The output must be exactly the lines from the "全场活动共分为矢志砥初心、激" line through the end of the listing below, with no picture included.

• Raw data:
******
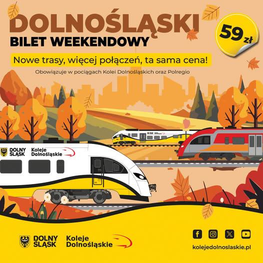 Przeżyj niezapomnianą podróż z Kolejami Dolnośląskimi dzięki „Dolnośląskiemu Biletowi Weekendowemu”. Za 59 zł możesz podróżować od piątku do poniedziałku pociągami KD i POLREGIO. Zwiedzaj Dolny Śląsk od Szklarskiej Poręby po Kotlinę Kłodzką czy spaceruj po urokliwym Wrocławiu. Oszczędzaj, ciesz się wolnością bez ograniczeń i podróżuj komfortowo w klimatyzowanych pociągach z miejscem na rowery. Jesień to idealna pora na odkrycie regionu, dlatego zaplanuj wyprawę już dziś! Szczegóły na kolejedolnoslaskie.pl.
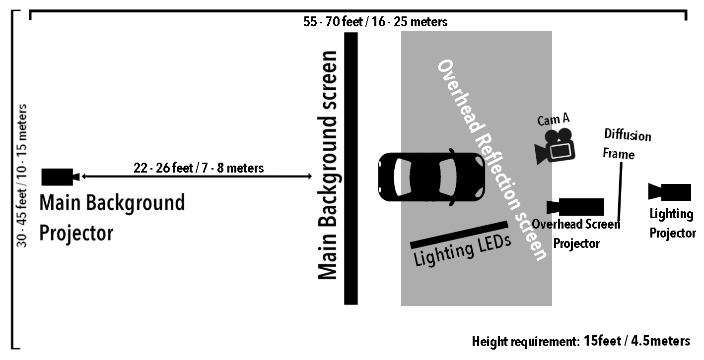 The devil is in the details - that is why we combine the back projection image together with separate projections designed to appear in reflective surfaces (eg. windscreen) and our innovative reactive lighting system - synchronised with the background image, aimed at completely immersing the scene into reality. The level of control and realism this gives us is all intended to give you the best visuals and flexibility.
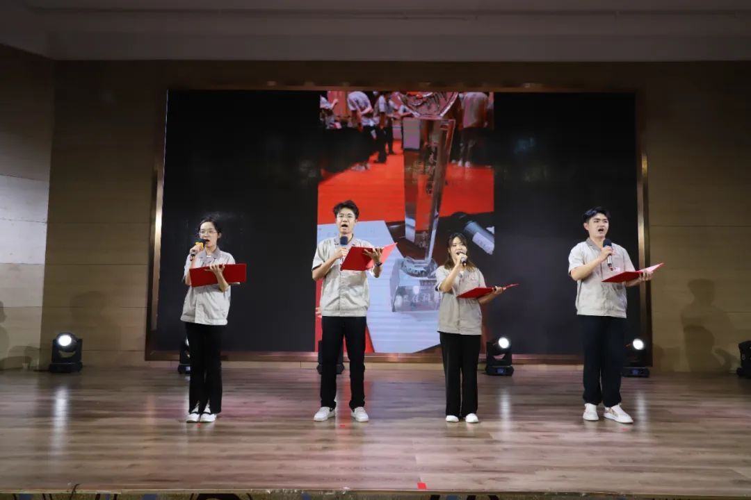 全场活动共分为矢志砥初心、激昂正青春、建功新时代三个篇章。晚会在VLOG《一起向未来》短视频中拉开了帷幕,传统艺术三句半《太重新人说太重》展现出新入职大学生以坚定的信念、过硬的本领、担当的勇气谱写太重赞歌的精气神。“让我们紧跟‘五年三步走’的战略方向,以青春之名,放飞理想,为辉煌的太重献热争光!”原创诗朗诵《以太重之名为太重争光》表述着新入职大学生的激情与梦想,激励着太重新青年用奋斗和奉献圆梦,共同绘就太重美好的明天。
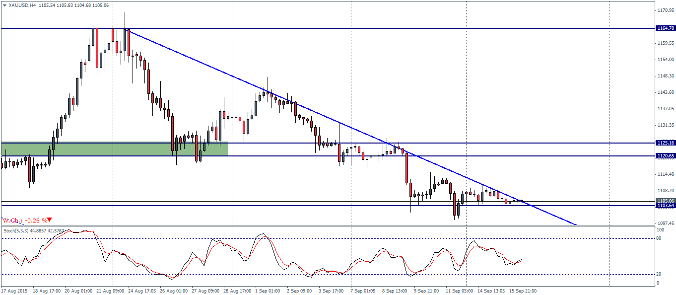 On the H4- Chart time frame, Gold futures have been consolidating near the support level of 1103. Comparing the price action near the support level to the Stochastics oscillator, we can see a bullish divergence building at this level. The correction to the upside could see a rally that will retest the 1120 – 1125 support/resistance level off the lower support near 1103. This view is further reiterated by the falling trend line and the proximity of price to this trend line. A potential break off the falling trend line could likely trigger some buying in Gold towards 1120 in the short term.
******
• Solved problem:
 全场活动共分为矢志砥初心、激昂正青春、建功新时代三个篇章。晚会在VLOG《一起向未来》短视频中拉开了帷幕,传统艺术三句半《太重新人说太重》展现出新入职大学生以坚定的信念、过硬的本领、担当的勇气谱写太重赞歌的精气神。“让我们紧跟‘五年三步走’的战略方向,以青春之名,放飞理想,为辉煌的太重献热争光!”原创诗朗诵《以太重之名为太重争光》表述着新入职大学生的激情与梦想,激励着太重新青年用奋斗和奉献圆梦,共同绘就太重美好的明天。
 On the H4- Chart time frame, Gold futures have been consolidating near the support level of 1103. Comparing the price action near the support level to the Stochastics oscillator, we can see a bullish divergence building at this level. The correction to the upside could see a rally that will retest the 1120 – 1125 support/resistance level off the lower support near 1103. This view is further reiterated by the falling trend line and the proximity of price to this trend line. A potential break off the falling trend line could likely trigger some buying in Gold towards 1120 in the short term.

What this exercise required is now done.